According to Encyclopedia Britannica Ballet is a theatrical dance in which a formal academic dance technique—the danse d’école—is combined with other artistic elements such as music, costume, and stage scenery. The academic technique itself is also known as ballet.
Ballet, as we know it today, began during the Renaissance around the year 1500 in Italy. In fact, the terms "ballet" and "ball" as in masked ball, come from the Italian ballare, to dance. When Catherine de Medici of Italy married the French King Henry II, she introduced early dance styles into court life in France.
At first, the dancers wore masks, layers upon layers of brocaded costuming, pantaloons, large headdresses and ornaments. Such restrictive clothing was sumptuous to look at but difficult to move in. Dance steps were composed of small hops, slides, curtsies, promenades and gentle turns. Dancing shoes had small heels and resembled formal dress shoes rather than any contemporary ballet shoe we might recognize today.
The official terminology and vocabulary of ballet was gradually codified in French over the next 100 years, and during the reign of Louis XIV, the king himself performed many of the popular dances of the time. Professional dancers were hired to perform at court functions after King Louis and fellow noblemen had stopped dancing.
A whole family of instruments evolved during this time as well. The court dances grew in size, opulence, and grandeur to the point where performances were presented on elevated platforms so that a greater audience could watch the increasingly pyrotechnic and elaborate spectacles. Jump ahead 200 years and take a look at the proscenium stage at the War Memorial Opera House--the elevation of the stage and dramatic height of the curtained opening will remind visitors of this development first hand.
From Italian roots, ballets in France and Russia developed their own stylistic character. By 1850 Russia had become a leading creative center of the dance world, and as ballet continued to evolve, certain new looks and theatrical illusions caught on and became quite fashionable. Dancing en pointe (on toe) became popular during the early part of the nineteenth century, with women often performing in white, bell-like skirts that ended at the calf. Pointe dancing was reserved for women only, and this exclusive taste for female dancers and characters inspired a certain type of recognizable Romantic heroine - a sylph-like fairy whose pristine goodness and purity inevitably triumphs over evil or injustice.

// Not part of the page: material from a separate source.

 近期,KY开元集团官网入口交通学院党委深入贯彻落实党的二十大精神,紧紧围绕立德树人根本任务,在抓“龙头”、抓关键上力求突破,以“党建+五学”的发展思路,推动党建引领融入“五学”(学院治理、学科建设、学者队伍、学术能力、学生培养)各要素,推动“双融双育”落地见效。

In the early twentieth century, the Russian theatre producer Serge Diaghilev brought together some of that country's most talented dancers, choreographers, composers, singers and designers to form a group called the Ballet Russes. The Ballet Russes toured Europe and America, presenting a wide variety of ballets. Here in America, ballet grew in popularity during the 1930's when several of Diaghilev's dancers left his company to work with and settle in the U.S. Of these, George Balanchine is one of the best known artists who firmly established ballet in America by founding the New York City Ballet. Another key figure was Adolph Bolm, the first Director of San Francisco Ballet School.

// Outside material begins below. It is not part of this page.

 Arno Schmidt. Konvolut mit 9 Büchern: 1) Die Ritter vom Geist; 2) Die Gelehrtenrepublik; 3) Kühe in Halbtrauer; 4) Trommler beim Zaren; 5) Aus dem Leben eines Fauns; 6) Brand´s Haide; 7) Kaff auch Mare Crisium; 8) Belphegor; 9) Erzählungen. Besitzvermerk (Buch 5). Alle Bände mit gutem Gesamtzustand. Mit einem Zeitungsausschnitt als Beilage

To learn to dance Ballet you need to sign up for dance classes. We have a variety of ballet group dance classes for children at DanceSport Club. Those dance classes vary by age. Your child needs to be minimum 3 years old to attend our ballet dance classes
We all know kids have to move and burn a lot of energy. But how they do this makes a difference! The core principles of ballet focus on balance, coordination, strength, and poise. Every exercise and step builds on these, creating a strong and capable dancer. To be able to dance properly you must have good posture and a strong core – two things that have been proven to benefit in overall health! When your child is dancing, they are doing a complex set of physical actions – moving different parts of the body in opposing directions, coordinating their movement to music, while simultaneously stretching and controlling their muscles. The result: long, strong muscles that can move with intention and coordination. The physical benefits are so good, even football players use ballet in their training!
With all those physical demands of ballet, imagine how much work your brain is doing! While children are working hard to coordinate their feet to skip, (a skill that takes a lot more practice then you would think) their brains are constantly building new neural pathways to make all of this happen, which increases neuroplasticity. Neuroplasticity improves learning, memory, and comprehension.

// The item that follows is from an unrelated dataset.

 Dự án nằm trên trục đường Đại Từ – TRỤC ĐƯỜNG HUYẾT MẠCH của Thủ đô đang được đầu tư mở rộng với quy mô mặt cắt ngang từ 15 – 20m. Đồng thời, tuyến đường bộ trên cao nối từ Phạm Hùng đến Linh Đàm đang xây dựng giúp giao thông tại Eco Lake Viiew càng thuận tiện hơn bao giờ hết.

Additionally, it takes discipline and focus to be able to master ballet. There is a reason we do the same steps in every class! Ballet students learn to appreciate the time it takes to master a skill. Not everything has to be instant gratification, and that is a valuable lesson in today’s world. It’s no coincidence that many dancers are straight The earlier a child starts ballet, the longer they have to perfect and develop this focus.
Children are around other kids most of the day. But in a ballet class, the dynamic is unique. As I have told many classes in the past, we are here for a common reason: we love to dance! That in itself creates a special camaraderie between students.
Performing in front of others, especially your own family at one of our Dance Showcases is no small task. Some kids live for the thrill of performance, others are incredibly nervous. The confidence to overcome those fears is built throughout the year in ballet class. It is a wonderful experience to see a child who came into the class quiet and nervous, and finished the year on stage full of excitement and energy! Even if the performance is less than perfect, students learn to appreciate their successes and learn from their mistakes.